Assigned task: Would you retype the entries from the first line to the line bearing "葛石镇柳沟村党员志愿服务队(关于葛石镇柳沟村党员志愿服务队部分内容简述)", both included, leaving out every picture?

Stored data entries:

***

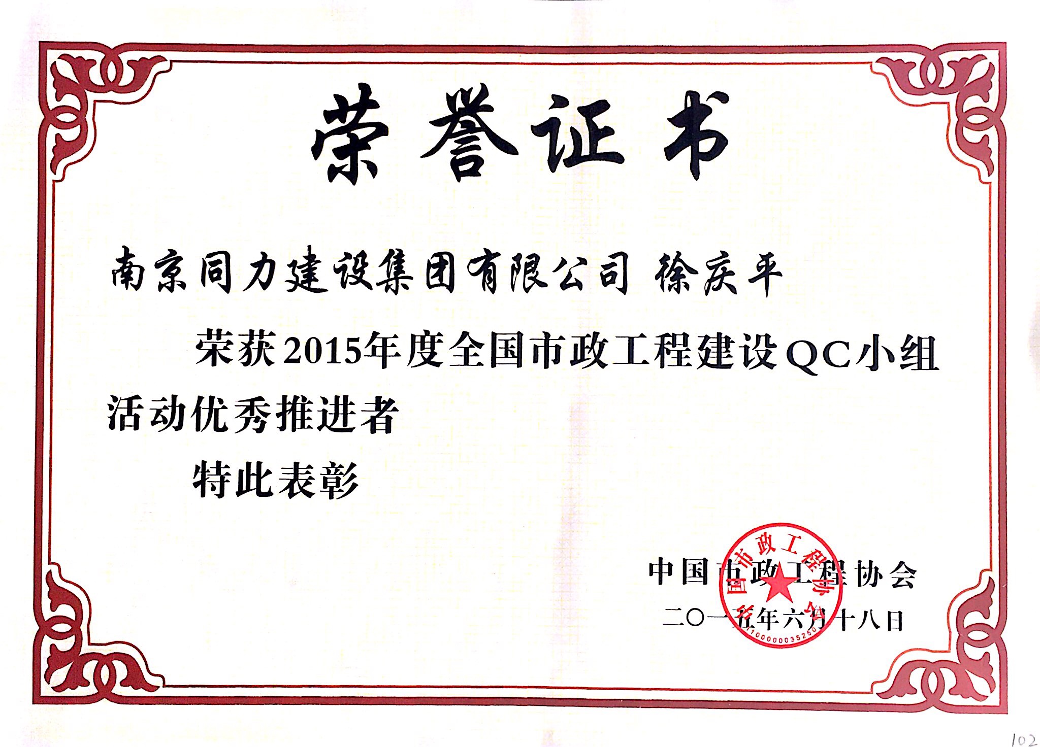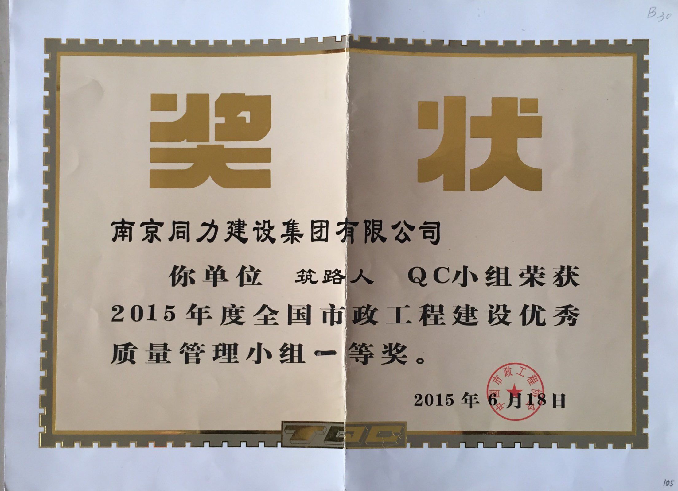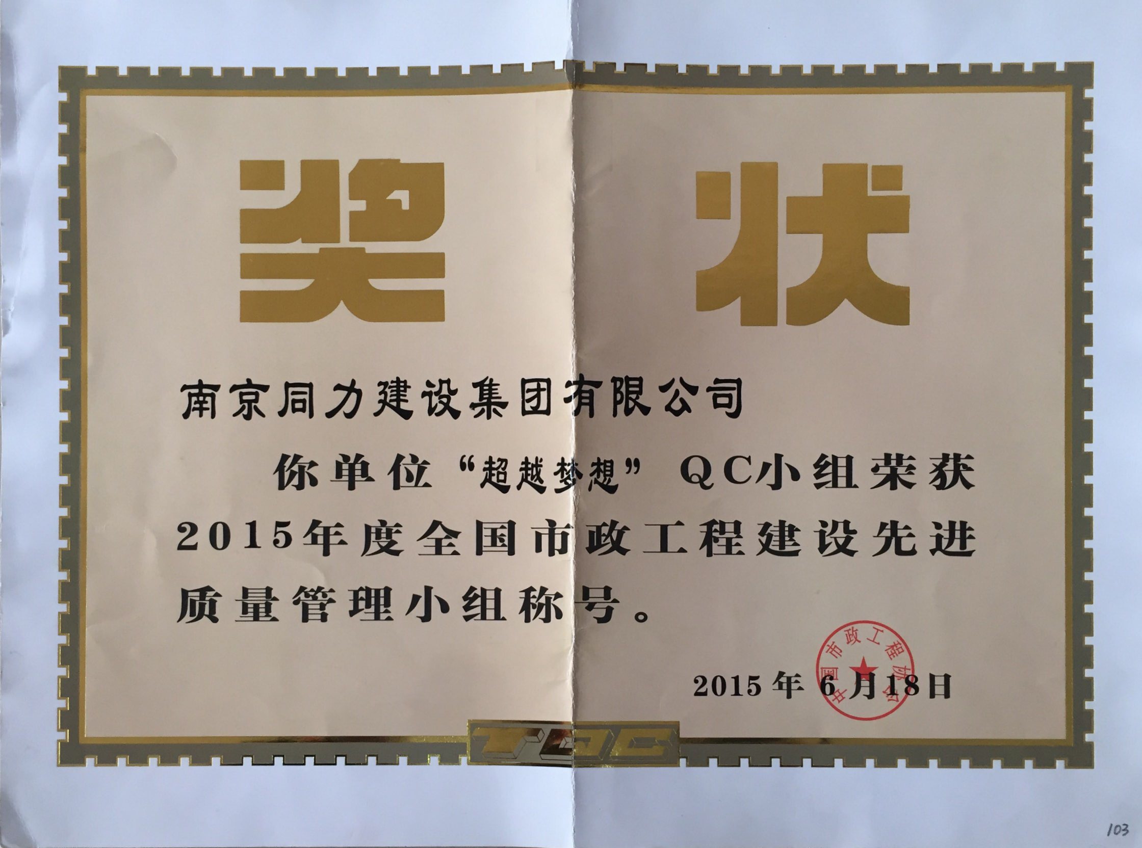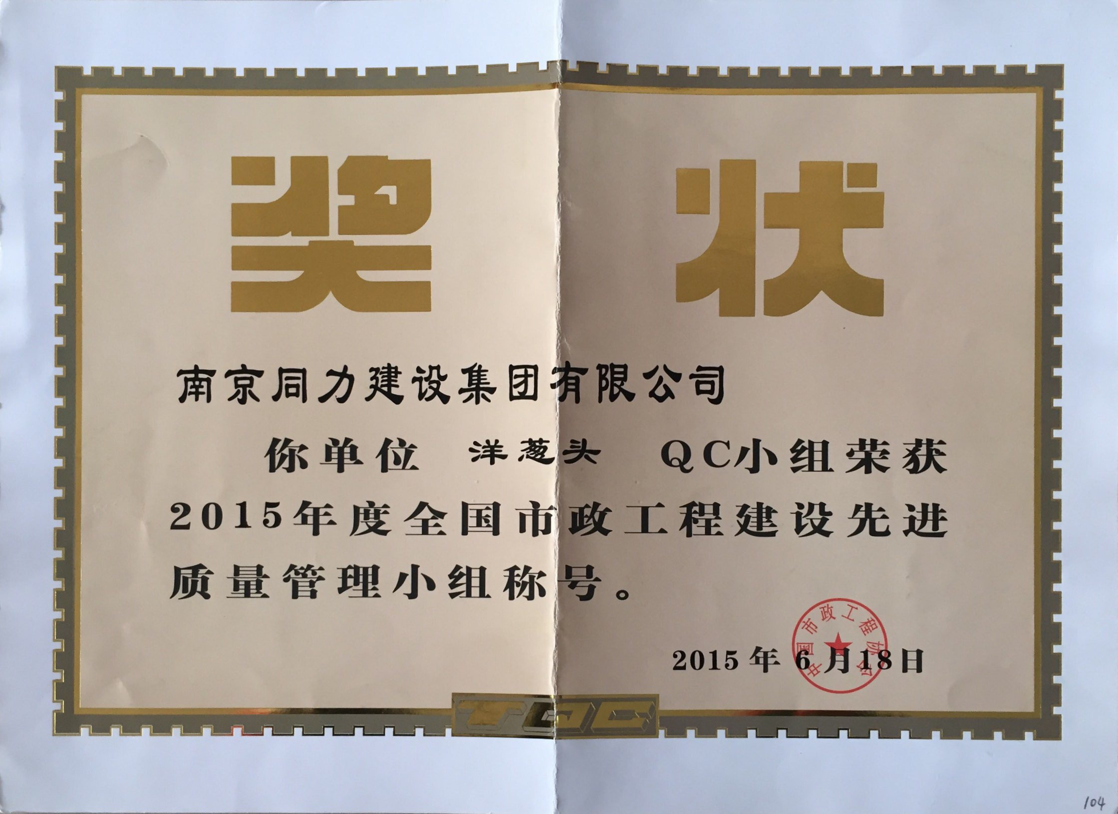 公司“洋葱头”QC小组荣获2015年度全国市...
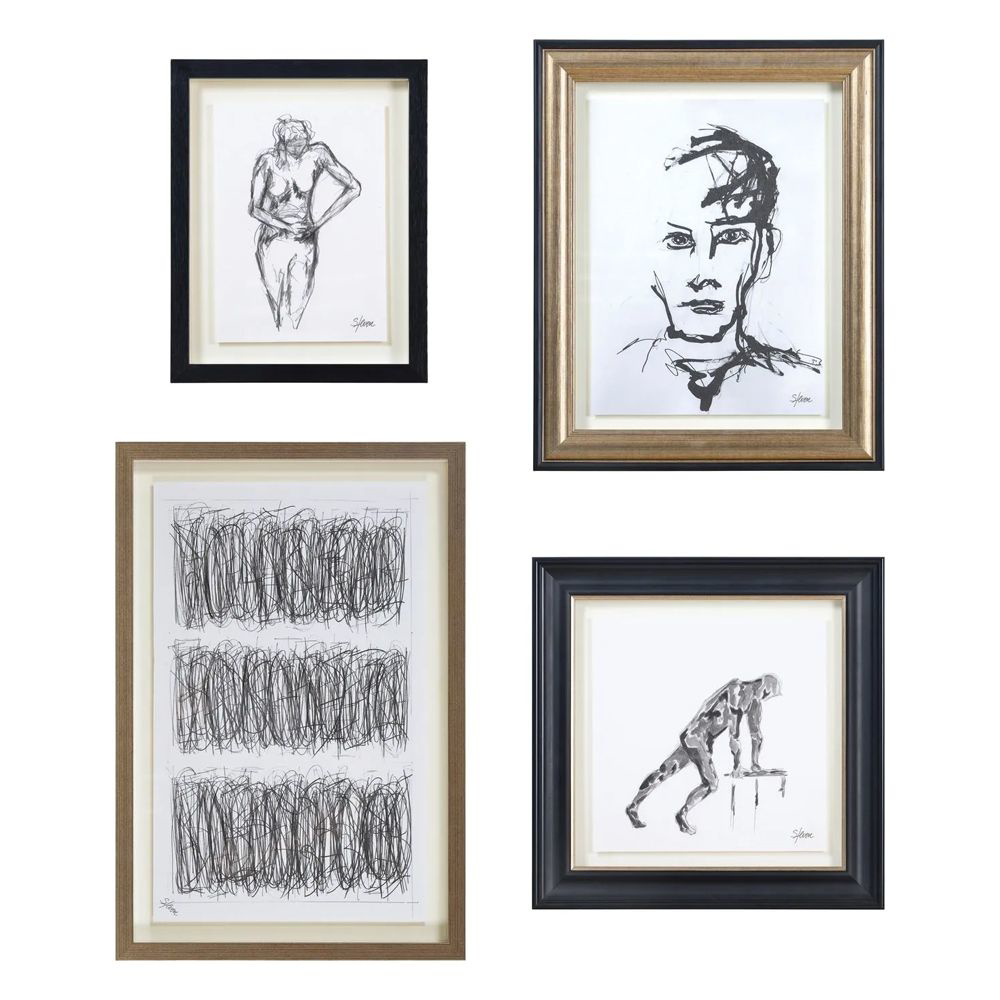 Set of 4 sketches set in black and gold wood frames.
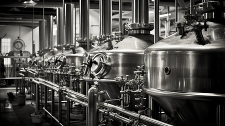 Craft beer brewing equipment in brewery Metal tanks, alcoholic drink production.
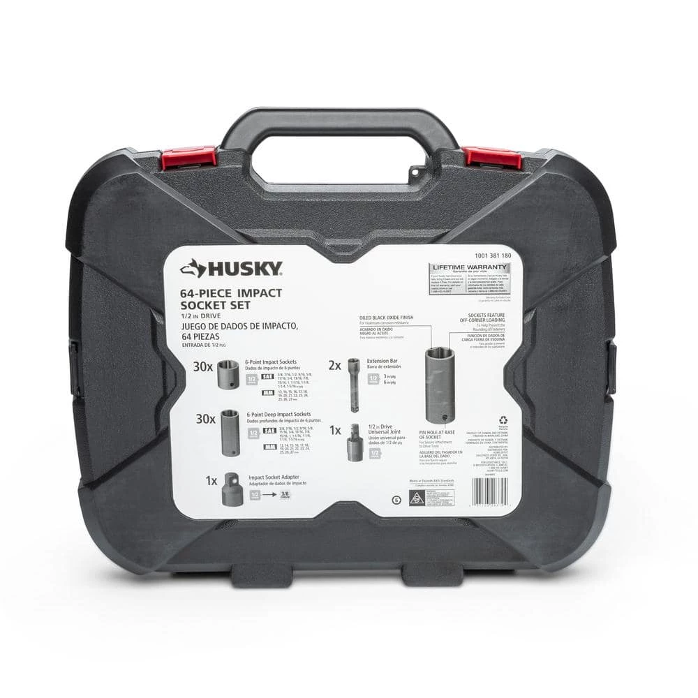 This is Husky’s most complete and widest selection of 1/2 in. drive Impact Sockets in 1 set all conveniently stored in single, easy to transport case. The 6-point style of socket helps to reduce the chance of rounding fasteners under high-torque applications and feature chamfered lead-ins for quick and easy placement onto fasteners. The industrial grade black oxide finish provides added durability and prevents corrosion.
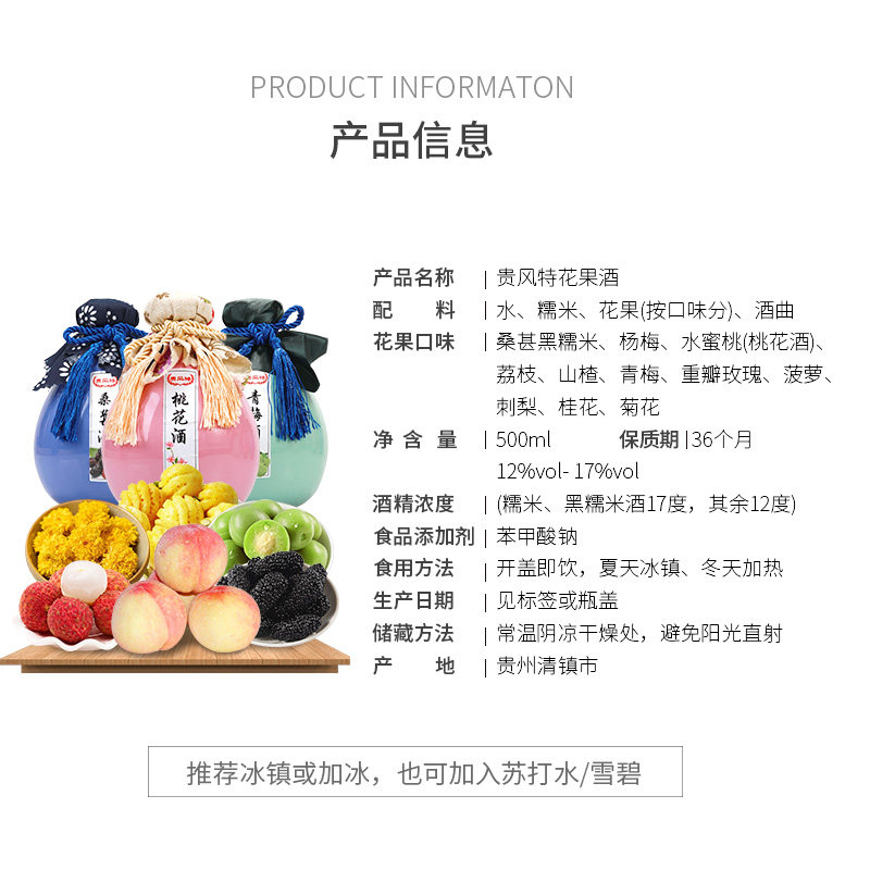 12°Bayberry wine 500ml 12°Osmanthus wine 500ml 12°Mulberry wine 500ml 17°Glutinous rice wine 500ml 17°Black glutinous rice wine 500ml
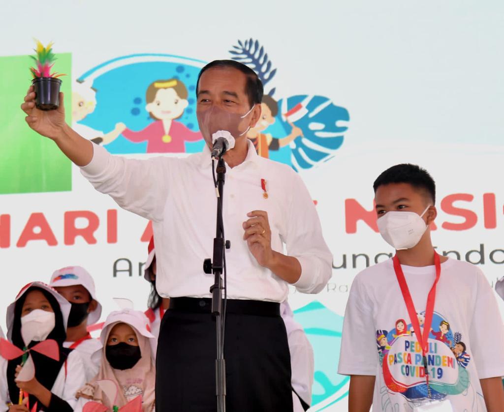 “Inilah yang harus kita jaga bersama-sama agar anak-anak kita ini memiliki dunia bermain, dunia anak-anak dengan keceriaannya mereka. Jangan sampai terjadi lagi yang namanya perundungan,” tegas Presiden saat menghadiri acara peringatan Hari Anak Nasional yang digelar di Kebun Raya Bogor, Jawa Barat, pada Sabtu, 23 Juli 2022.
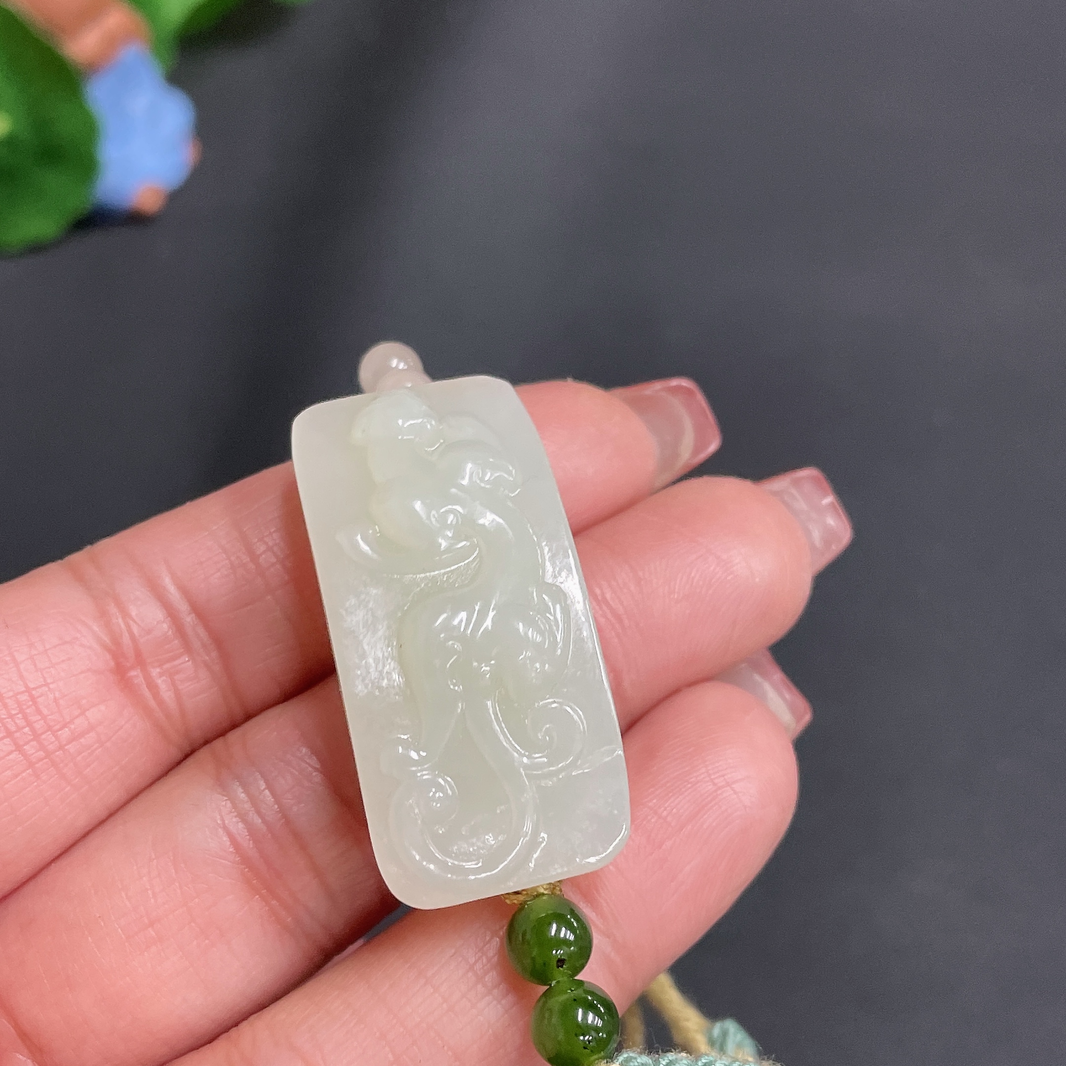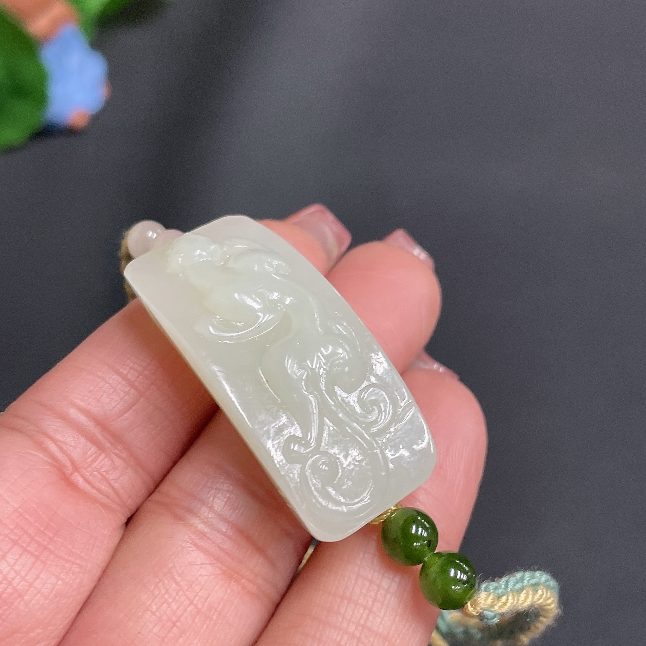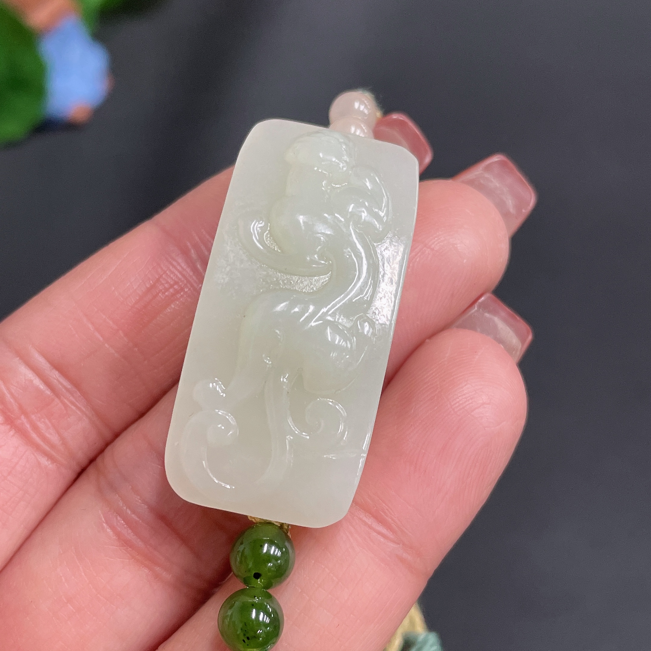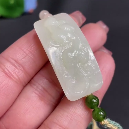 Hetian Jade Hand Plaque, Auspicious Beast, Total Weight Approx. [Including Rope] 17.3g
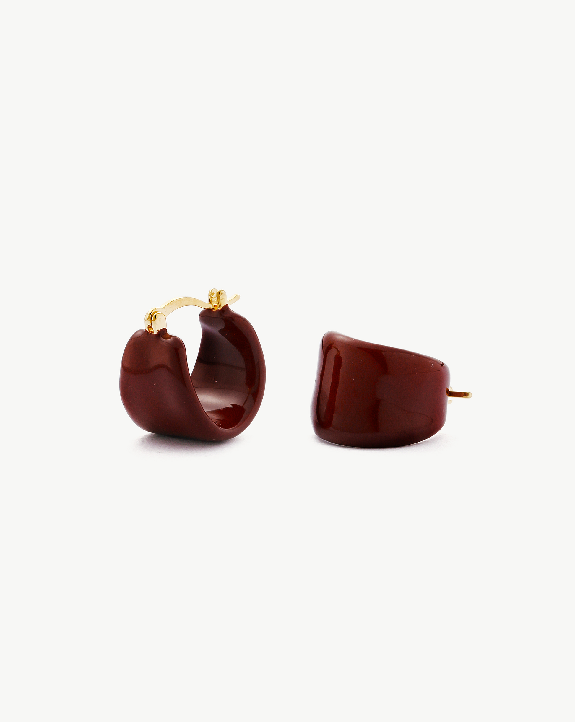 Rich, wine-red resin hoops with a plump, sculptural dome shape and subtle gold accents for bold everyday drama.These chunky huggies add instant warmth and sophistication, perfect solo or layered.Timeless depth with modern sculptural flair.
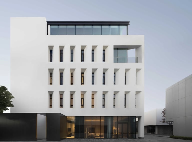 Expressing Eastern aesthetics through Western design principles, this building transforms the understanding of life into architectural beauty, balancing functionality, design, and artistry. The building's exterior façade embraces minimalism, with window grids as points, curtains as lines, and light and shadow as planes. Elegant yet restrained, it finds a harmonious balance between stability and lightness, individuality and unity.
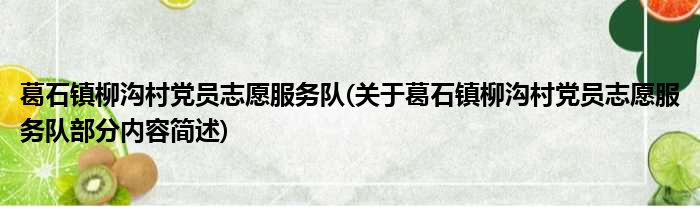 葛石镇柳沟村党员志愿服务队(关于葛石镇柳沟村党员志愿服务队部分内容简述)
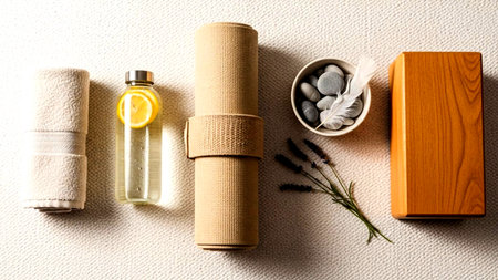 A serene collection of yoga and wellness essentials, including a mat, block, essential oils, palo santo, and soft towels, arranged for a peaceful self-care routine.

***

Reply to the exercise:
 公司“洋葱头”QC小组荣获2015年度全国市...
 Set of 4 sketches set in black and gold wood frames.
 Craft beer brewing equipment in brewery Metal tanks, alcoholic drink production.
 This is Husky’s most complete and widest selection of 1/2 in. drive Impact Sockets in 1 set all conveniently stored in single, easy to transport case. The 6-point style of socket helps to reduce the chance of rounding fasteners under high-torque applications and feature chamfered lead-ins for quick and easy placement onto fasteners. The industrial grade black oxide finish provides added durability and prevents corrosion.
 12°Bayberry wine 500ml 12°Osmanthus wine 500ml 12°Mulberry wine 500ml 17°Glutinous rice wine 500ml 17°Black glutinous rice wine 500ml
 “Inilah yang harus kita jaga bersama-sama agar anak-anak kita ini memiliki dunia bermain, dunia anak-anak dengan keceriaannya mereka. Jangan sampai terjadi lagi yang namanya perundungan,” tegas Presiden saat menghadiri acara peringatan Hari Anak Nasional yang digelar di Kebun Raya Bogor, Jawa Barat, pada Sabtu, 23 Juli 2022.
 Hetian Jade Hand Plaque, Auspicious Beast, Total Weight Approx. [Including Rope] 17.3g
 Rich, wine-red resin hoops with a plump, sculptural dome shape and subtle gold accents for bold everyday drama.These chunky huggies add instant warmth and sophistication, perfect solo or layered.Timeless depth with modern sculptural flair.
 Expressing Eastern aesthetics through Western design principles, this building transforms the understanding of life into architectural beauty, balancing functionality, design, and artistry. The building's exterior façade embraces minimalism, with window grids as points, curtains as lines, and light and shadow as planes. Elegant yet restrained, it finds a harmonious balance between stability and lightness, individuality and unity.
 葛石镇柳沟村党员志愿服务队(关于葛石镇柳沟村党员志愿服务队部分内容简述)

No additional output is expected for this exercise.